Washington sniper John Allen Muhammad has been given six life sentences without the chance of parole for a series of random killings in 2002.
Muhammad's accomplice (L) testified against him in the trial
A jury in the state of Maryland convicted him on Tuesday after a six-week trial.
Muhammad, 45, already faces the death penalty for a conviction in neighbouring Virginia.
Ten people died and three were wounded in Muhammad's killing spree in the Washington area in October 2002.
Muhammad, who acted as his own lawyer during the latest trial, had argued he was framed.
He showed no emotion and bowed his head as the sentence was read out by Judge James Ryan.
"You, Mr. Muhammad, have no hope. You have no future. You will spend every day for the rest of your life locked in a cage," Judge Ryan said.
The trial's star witness was Muhammad's accomplice Lee Boyd Malvo, 21, who testified against his former mentor for the first time.
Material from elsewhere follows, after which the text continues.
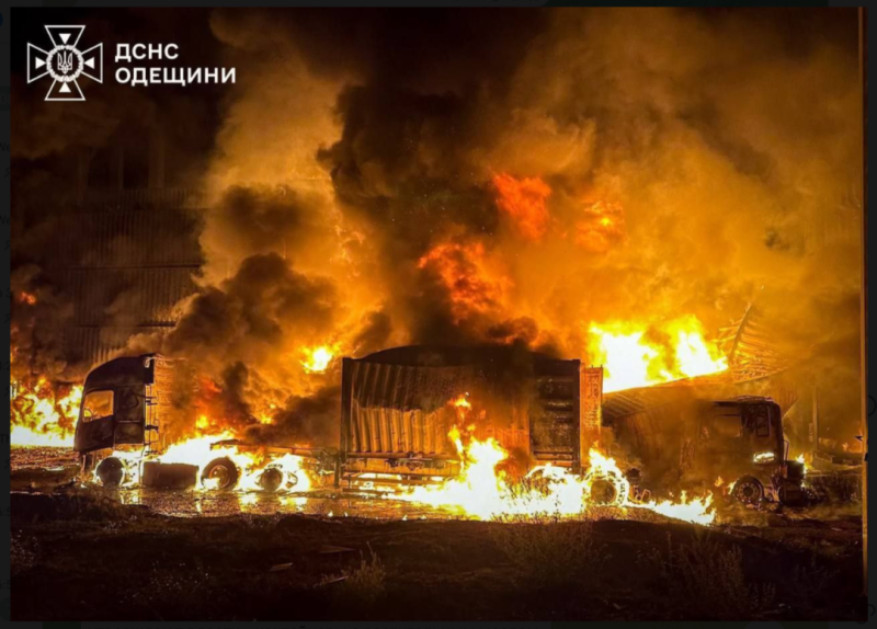 Есть минимум одно попадание в ПВО, "Гепард" или "Пэтриот" - доподлинно неизвестно. Есть прилёты по фурам, которые в этот момент загружались военными "приблудами". Сегодня будет большой шухер, ибо забаранили кого-то очень весомого с Запада и всю его команду встречающих. Видимо, привезли что-то "вкусное", что разгружали сразу и сразу направляли из порта,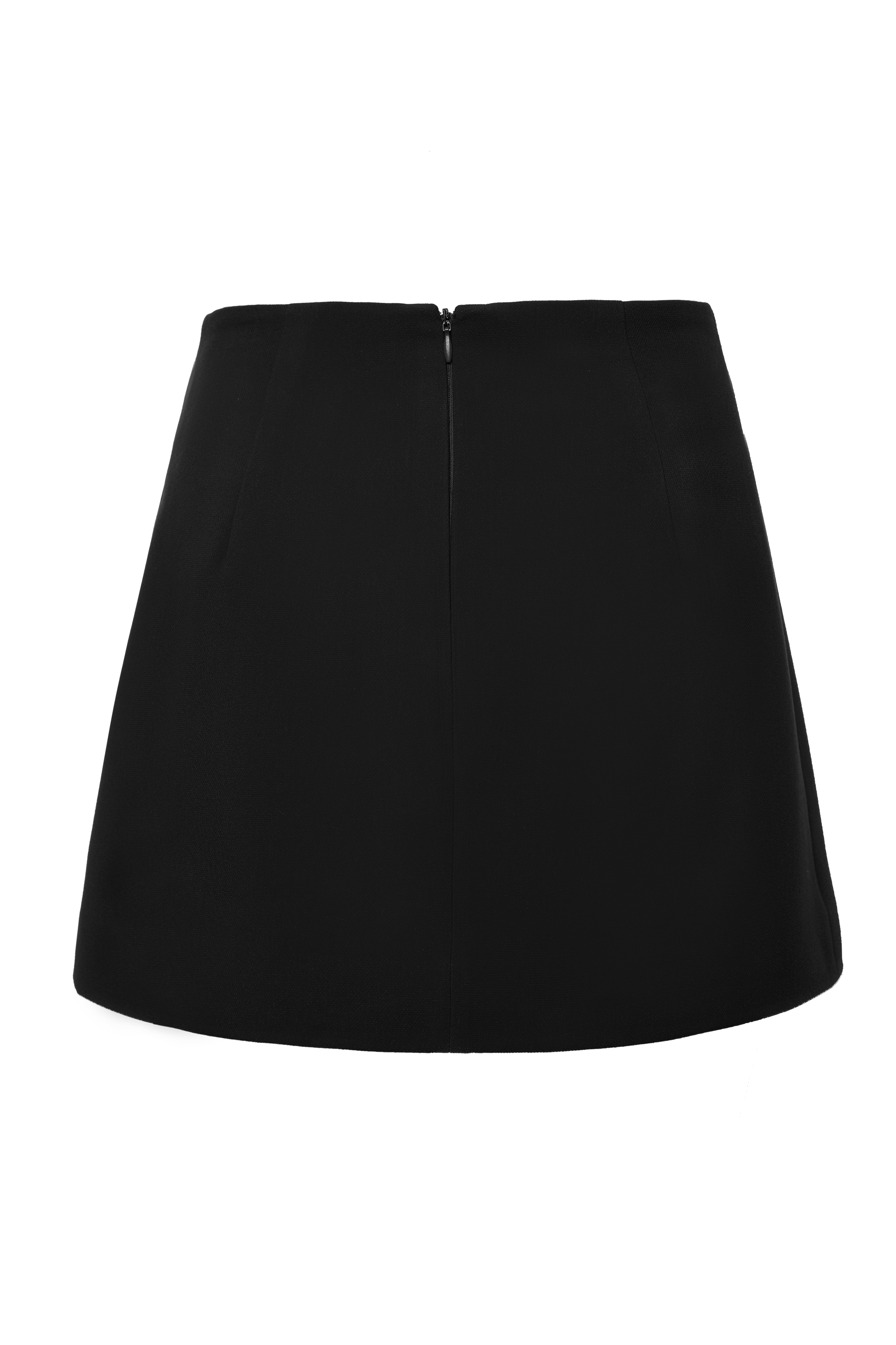Классическая чёрная мини-юбка из плотной ткани на основе вискозы. Чёткий силуэт подчёркивает фигуру, лаконичный дизайн делает модель универсальной для повседневных и вечерних образов. Идеальный базовый элемент гардероба, легко сочетается с блузами, жакетами и топами.

Prosecutors introduced DNA and ballistics evidence to link the two to the shootings which took place over three weeks in late 2002, terrifying people in and around the US capital.
The prosecution team say they pursued the second trial in case the Virginia convictions are overturned on appeal.
Muhammad and Malvo's Maryland victims were James Martin, 55 - the first Washington-area victim - James "Sonny" Buchanan, 39; Lori Ann Lewis-Rivera, 25; Premkumar Walekar, 54; Sarah Ramos, 34; and Conrad E Johnson, 35, the last.
Police as far away as Washington state and the Caribbean island of Antigua have said Muhammad may be linked to shootings in their jurisdictions.
He and Malvo could still face prosecution in connection with shootings in Alabama and Louisiana.